Saturday 2 March 2013


Our dignity and heritage are at stake if we believe them

I am not an addicted reader, not because I don’t like reading, but because I seldom have free access to books that interest me; books that contain stories of my origin, my history and my heritage. Perhaps because I am from Africa, where most of the books that are sold in local bookstores tell foreign stories and the few that contain my historical stories are mostly written by foreigners that know less or nothing about them. It is not as if I was lazy or I couldn't understand the literal composition of those books, but I chose not to read them because I am aware of the consequential gravity of subscribing to stories of me written by other people. I should be cleverly doubtful of those stories, because it seems too abnormal to me, why an outsider could be telling an inside story to an insider, it is never logical. Because if such stories are not manipulated, contorted, and twisted to the writer’s self-interest, it would practically be the presentation of an image seen through an opaque glass or I should say the portrayal of illusory. Anecdotally, I believe there are motives behind such illusive storytelling; part of their motives I can sense, is that they have inherently enjoy misrepresenting and stereotyping Africa for most of the flaws that were actually spawned by them or their ancestors. 

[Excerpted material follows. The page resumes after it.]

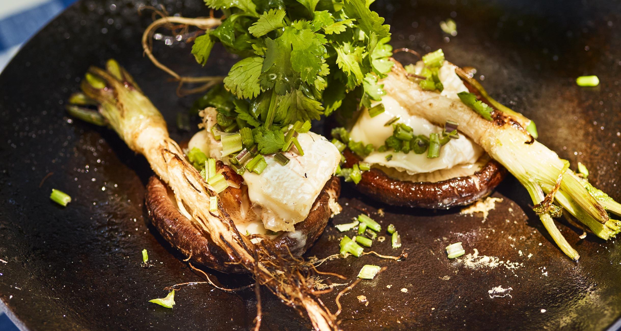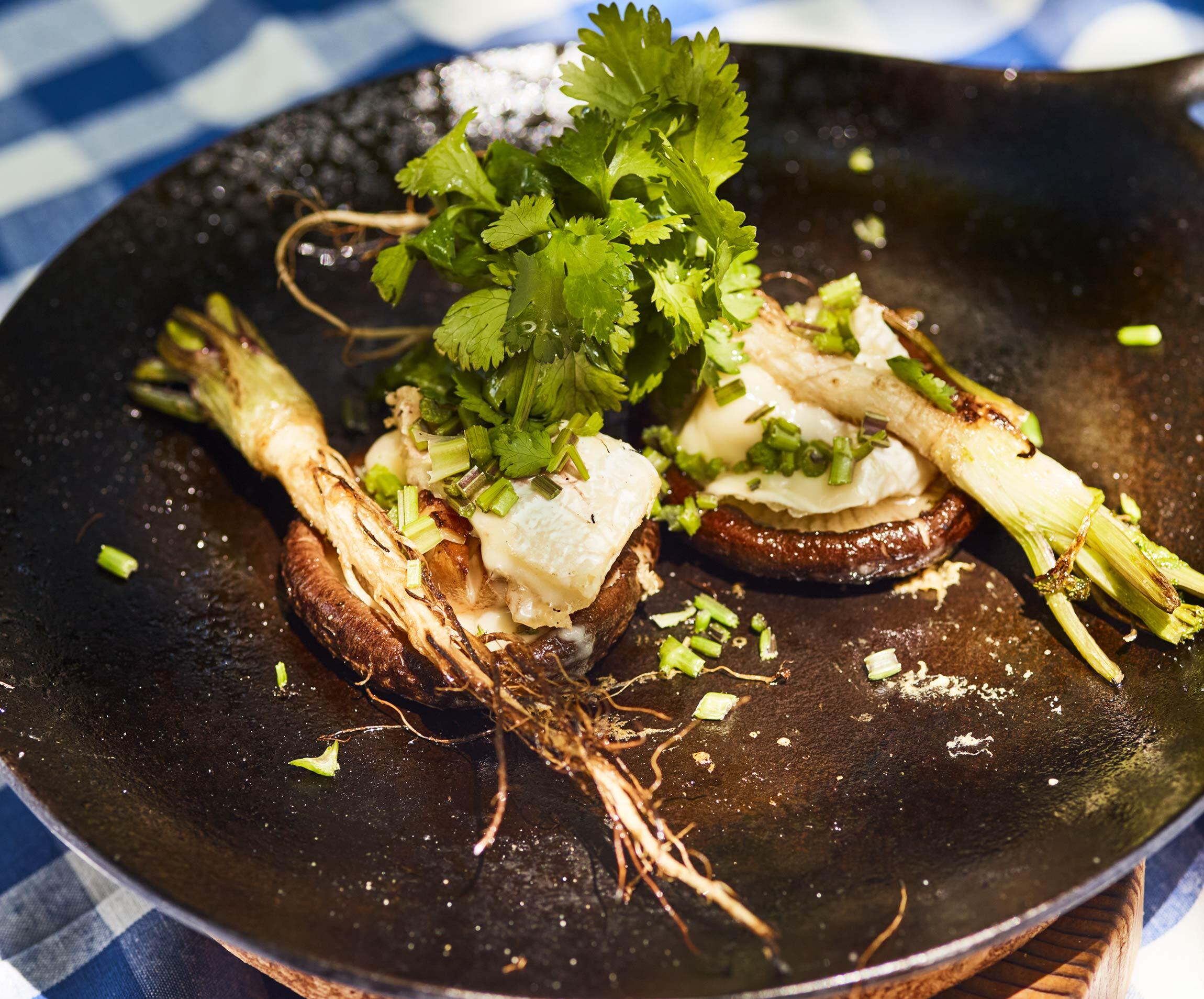 風味豊かな原木椎茸を見つけたら、ぜひつくってほしいレシピ。お店ではセリの根を使って提供しているが、パクチーの根も野生のにんじんみたいな滋味豊かな味わいがあり、しっかり焼くことでさらに香りもよくなる。

Chimamanda; a prowess novelist from Nigeria said in one of her eloquent and never-boring presentations that the detriment of our grossly twisted stories is not only limited to the consequence of stereotype and imperialism, the loss of dignity, heritage and historical legacy but it is more detrimentally harmful when those twisted stories are inherited by successive posterity. She might be right or wrong, or there might be some analogical fallacy in the way I interpreted her voice. I've gotten some insistent reasons that convince me that our dignity is at stake just like our heritage is, especially when I remember where I grew up, where elite are those that their four years old kids can speak fluent English and not their mother tongue. This is part of what mystify me if the shameless sagging our girls roam with is actually an African thing or as if the popular doggy bling-bling jewelry in the necks of our youths is really an African male fashion. I am not also sure of how we should combat the cultural inferiority constantly battling with the African originality in our entire social and societal atmosphere. The kind of inferiority and unoriginality that made Akin; my Facebook friend wrote his name as (Her-kin), purposefully to get international friends. If it is not inferiority, maybe Her-kin (Akin) is just subscribing to the over-colorized globalization and westernization. As if any of the duo can beneficially reduce the price of bread in his local market; that is if they are not actually the cause of the hike. Maybe it’s futile to complain about cultural imperialism at this moment when the unitary aim of the entire world is to globalize. Because I can remember how I disappointed a black friend of mine that annoyed me for cheerfully greeting with “Whats up Nigger?”, “You are not in vogue” so, he responded. To him, Nigger is of course not offensive, because that is what they call black people in American movies, and the more effects those Hollywood characters have on your socialization is what determine your modernization. Maybe our gullibility to their stories of us is truly part of our culture, because people in Japan, Thailand, China and Malaysia do watch Hollywood too and they still value their cultures more than their surnames.